She fluttered a hand. "Is it really necessary, Mr Wolfe? My secretary?"

"Yes, if you want me to proceed. You're going to your bank, and it will soon be lunchtime. Tell her to be here at three o'clock."

She got up and went to my chair, sat, and dialed.

CHAPTER 2

When Dinah Utley arrived at 3:05, five minutes late, Wolfe was at his desk with a book, The Lotus and the Robot, by Arthur Koestler. We had started lunch later than usual because Wolfe had told Fritz not to put the shad roe in the skillet until he was notified, and it was close to half past one when I finally quit trying to persuade the Post and World-Telegram to get the ad in. Nothing doing. It was all set for the Gazette, thanks to Lon Cohen, who knew from experience that he would get a tit for his tat if and when. It was also set for all editions of the morning papers. The bulldogs would be out around eleven, and if Mr Knapp saw one after he got the money and before he erased Jimmy Vail, he might change the script.

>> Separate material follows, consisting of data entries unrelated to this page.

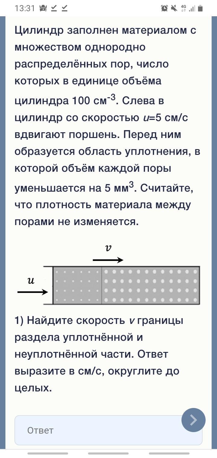 Цилиндр заполнен материалом с множеством однородно распределённых пор, число которых в единице объёма цилиндра 100 см-3. Слева в цилиндр со скоростью u=5 см/c вдвигают поршень. Перед ним образуется область уплотнения, в которой объём каждой поры уменьшается на 5 мм3. Считайте, что плотность материала между порами не изменяется.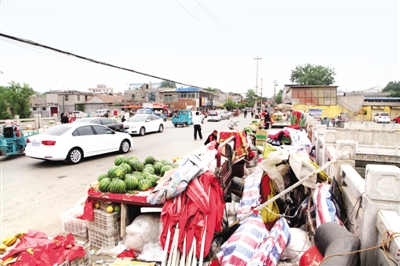 市中区东沙河中游的周庄大桥是座景观桥,自建成后就成了“蔬菜市场”,蔬菜、各种运输工具等摆满桥面,不但影响桥面车辆通行,还影响景观桥的美观效果。 (记者 孙明春 摄)
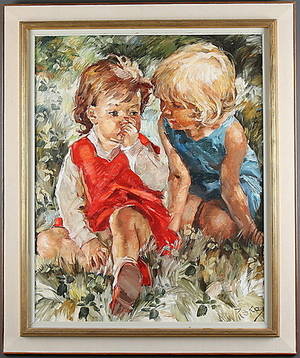 Charles Roka (1912-1999), Ungern. Gråtande barn. Signerad. Olja på duk, 40x30 cm, yttermått inklusive ram: 82x62 cm. Charles Roka, (på Ungerska: Károly Róka), född 1912, Läs mer...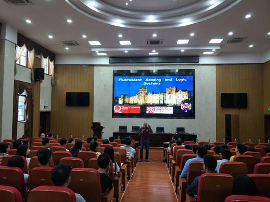 报告会上Amilra Prasanna De Silva用英文系统讲述了他近些年所研究的工作,即超分子光物理学,分子传感与逻辑门理论研究。Amilra Prasanna De Silva教授在介绍其研究工作时结合其研究方向的发展现状做了简要的分析令广大师生都大开眼界。最后Amilra Prasanna De Silva教授对其下一步工作提出了展望。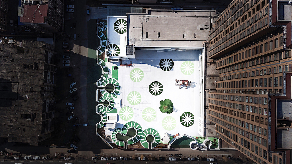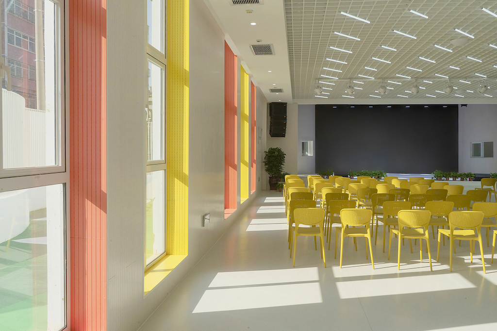 Removing the decorations and all the extra vertical lines on the L-shaped corridor, getting rid of the original shape, Zhang and his team cleaned the external facade of the original building as much as possible to make the building simple and versatile. With five sets of slides leaning out of the facade, the outdoor space of each floor is connected, with undulating activity paths.

Our client had left, headed for her bank, as soon as it was definite from Lon Cohen that the ad would be in the last two editions. Part of the time while I was phoning, for some minutes at the end, Wolfe was standing at my elbow, but not to listen to me. He had the note Mrs Vail had got from Mr Knapp in his hand, and he pulled my typewriter around and studied the keyboard, then looked at the note, then back at the keyboard; and he kept that up, back and forth, until Fritz came to announce lunch. That was no time for me to comment or ask a question, with sauteed shad roe fresh and hot from the skillet, and the sauce, with chives and chervil and shallots, ready to be poured on, and of course nothing relating to business is ever mentioned at the table, so I waited until we had left the dining room and crossed the hall back to the office to say, "That note was typed on an Underwood, but not mine, if that's what you were checking. The `a' is a little off-line. Also it wasn't written by me. Whoever typed it has a very uneven touch."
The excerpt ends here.